Figure 4. Renal function in mice with partial deficiency for netrin-1 (Ntn1^+/−) exposed to ischemic AKI.

Previously characterized Ntn1^+/− mice or their respective age-, weight-, and gender-matched littermate controls (Ntn1^+/+) underwent right nephrectomy and were exposed subsequenctly to AKI induced by 30 minutes of left renal artery ischemia. (A) Glomerular filtration rates (as measured by FITC-inulin clearance) were obtained after 1 hour of reperfusion. (B) Urinary flow rate, (C) urinary potassium excretion, (D) serum creatinine and (E) creatinine clearance were obtained 24 hours following reperfusion. Data are representative of six to eight independent experiments for each experimental condition (mean ± SD).

Figure 5. Histological tissue insure induced by AKI in mice with partial netrin-1 deficiency (Ntn1^+/−) or control mice (Ntn1^+/+).

Renal histology in Ntn1^+/− mice exposed to renal ischemia or age-, weight-, and gender-matched littermate controls (Ntn1^+/+) were subjected to 30 minutes of left renal artery ischemia. Renal histology was obtained after 24 hours of reperfusion. (A–D) Representative H&E staining (400×). Arrow marks destructed tubules. (E) Quantification of histological tissue damage assessed by Jablonski index.

Figure 6. Renal inflammatory changes in Ntn1^+/− mice following ischemia.

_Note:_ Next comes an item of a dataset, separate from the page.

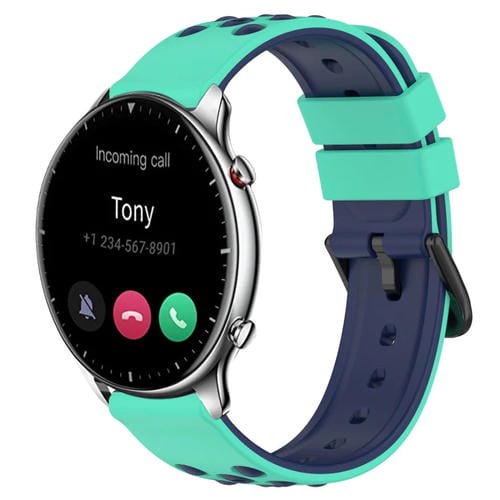 Correa de Reloj para Amazfit GTR 2 22mm Silicona Porosa Dos Colores (Verde Lima + Azul)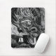 A dragon lurks in a cave deep underground. Mousepad with a black and white customizable design for you to personalise with your choice of initial letters. An original ink drawing by Jess Perry.

Ntn1^+/− mice and their respective age-, weight-, and gender-matched littermate controls (Ntn1^+/+) were subjected to 30 minutes of left renal artery ischemia. (A–D) Neutrophil staining. Arrows indicate neutrophils (magnification 400×). (E) Quantification of neutrophil tissue accumulation by measurement of myeloperoxidase (MPO). (F) TNF-α and (G) interleukin-6 (IL-6) and (H) interleukin-10 (IL-10) were assessed by real-time RT-PCR from renal tissues. Data were calculated relative to ß-actin and are expressed as fold change compared to sham-operated animals without ischemia (−I). Data are representative of four to six independent experiments for each experimental condition (mean ± SD).

Figure 7. Reconstitution of Ntn1^+/− mice with exogenous netrin-1.

Renal function and inflammation in mice with partial deficiency for netrin-1 (Ntn1^+/−) treated with exogenous netrin (5 µg/mouse I.V.) or vehicle prior to 30 minutes of renal ischemia. (A) Glomerular filtration rate (as measured by FITC-inulin clearance) was measured after 1 hour of reperfusion. (B) Quantification of neutrophil tissue accumulation by measurement of myeloperoxidase (MPO) (mean ± SD; n = 6–8).